(Listed entries Opens)

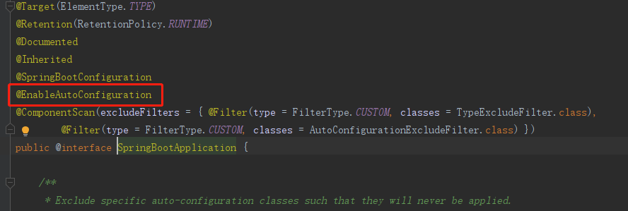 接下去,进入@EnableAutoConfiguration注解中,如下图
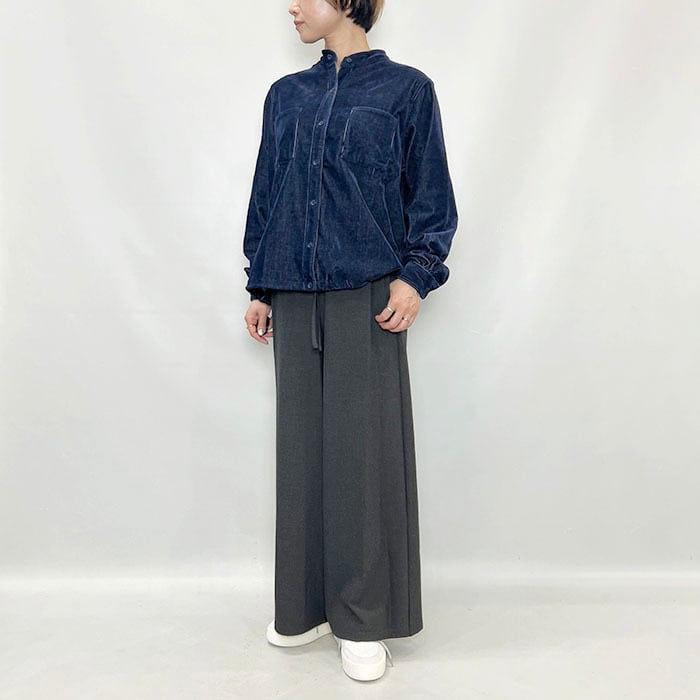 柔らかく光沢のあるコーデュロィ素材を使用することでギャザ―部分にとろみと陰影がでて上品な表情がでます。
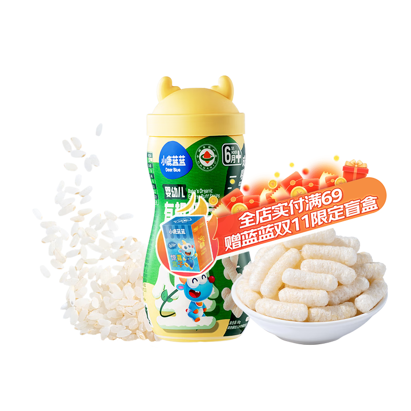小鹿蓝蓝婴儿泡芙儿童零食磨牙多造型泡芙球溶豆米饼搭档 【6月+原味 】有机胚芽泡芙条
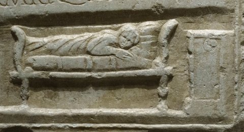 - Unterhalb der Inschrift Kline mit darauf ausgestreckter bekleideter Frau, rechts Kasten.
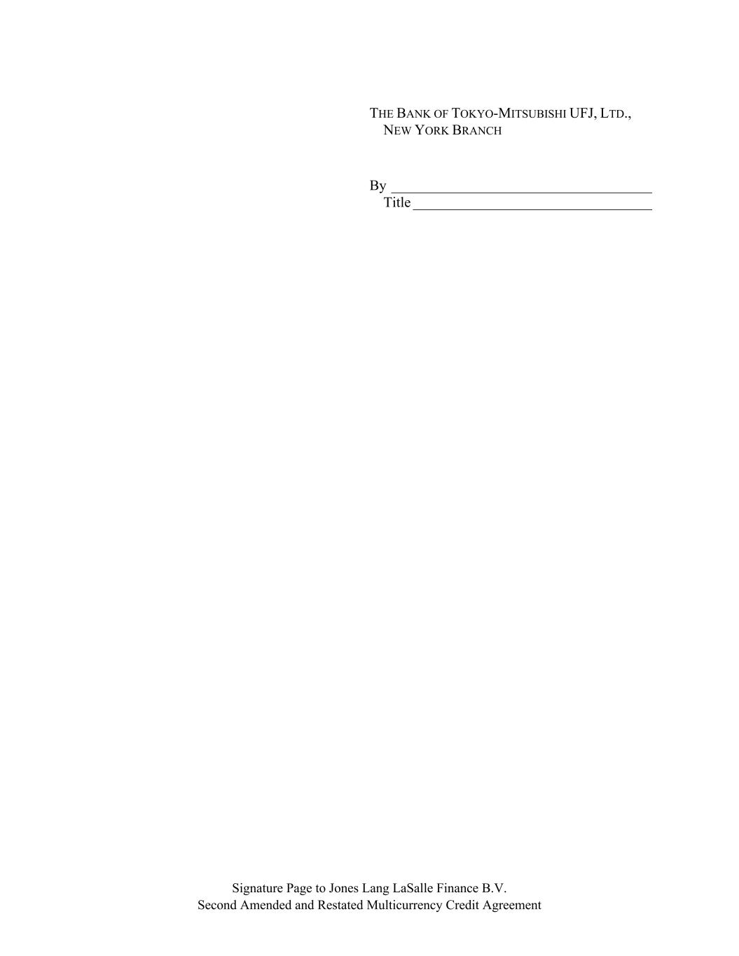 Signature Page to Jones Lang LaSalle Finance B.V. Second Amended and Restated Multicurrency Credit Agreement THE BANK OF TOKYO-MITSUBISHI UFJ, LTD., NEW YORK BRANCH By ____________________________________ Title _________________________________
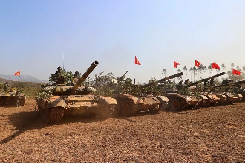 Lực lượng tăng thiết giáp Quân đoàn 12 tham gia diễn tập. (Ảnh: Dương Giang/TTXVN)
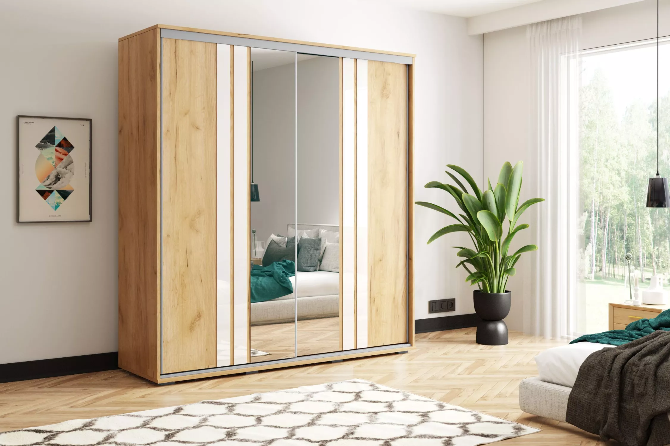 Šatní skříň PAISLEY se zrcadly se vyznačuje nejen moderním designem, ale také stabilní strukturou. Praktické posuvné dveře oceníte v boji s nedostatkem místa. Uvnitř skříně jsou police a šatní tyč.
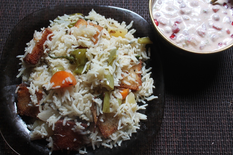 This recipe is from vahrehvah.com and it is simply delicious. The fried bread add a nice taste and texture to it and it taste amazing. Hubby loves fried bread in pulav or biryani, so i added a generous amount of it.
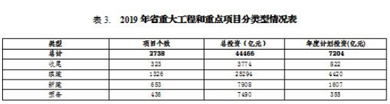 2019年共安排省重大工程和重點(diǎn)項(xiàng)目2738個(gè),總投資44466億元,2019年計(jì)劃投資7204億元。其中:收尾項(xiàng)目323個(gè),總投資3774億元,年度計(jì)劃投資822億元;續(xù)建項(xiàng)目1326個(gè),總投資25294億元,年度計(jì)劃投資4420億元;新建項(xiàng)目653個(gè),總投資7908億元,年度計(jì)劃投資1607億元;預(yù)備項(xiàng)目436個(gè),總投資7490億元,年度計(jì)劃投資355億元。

(Listed entries Closes)

What to do
Make an exact copy of the listing above, omitting the pictures.

Exercise response
 接下去,进入@EnableAutoConfiguration注解中,如下图
 柔らかく光沢のあるコーデュロィ素材を使用することでギャザ―部分にとろみと陰影がでて上品な表情がでます。
小鹿蓝蓝婴儿泡芙儿童零食磨牙多造型泡芙球溶豆米饼搭档 【6月+原味 】有机胚芽泡芙条
 - Unterhalb der Inschrift Kline mit darauf ausgestreckter bekleideter Frau, rechts Kasten.
 Signature Page to Jones Lang LaSalle Finance B.V. Second Amended and Restated Multicurrency Credit Agreement THE BANK OF TOKYO-MITSUBISHI UFJ, LTD., NEW YORK BRANCH By ____________________________________ Title _________________________________
 Lực lượng tăng thiết giáp Quân đoàn 12 tham gia diễn tập. (Ảnh: Dương Giang/TTXVN)
 Šatní skříň PAISLEY se zrcadly se vyznačuje nejen moderním designem, ale také stabilní strukturou. Praktické posuvné dveře oceníte v boji s nedostatkem místa. Uvnitř skříně jsou police a šatní tyč.
 This recipe is from vahrehvah.com and it is simply delicious. The fried bread add a nice taste and texture to it and it taste amazing. Hubby loves fried bread in pulav or biryani, so i added a generous amount of it.
 2019年共安排省重大工程和重點(diǎn)項(xiàng)目2738個(gè),總投資44466億元,2019年計(jì)劃投資7204億元。其中:收尾項(xiàng)目323個(gè),總投資3774億元,年度計(jì)劃投資822億元;續(xù)建項(xiàng)目1326個(gè),總投資25294億元,年度計(jì)劃投資4420億元;新建項(xiàng)目653個(gè),總投資7908億元,年度計(jì)劃投資1607億元;預(yù)備項(xiàng)目436個(gè),總投資7490億元,年度計(jì)劃投資355億元。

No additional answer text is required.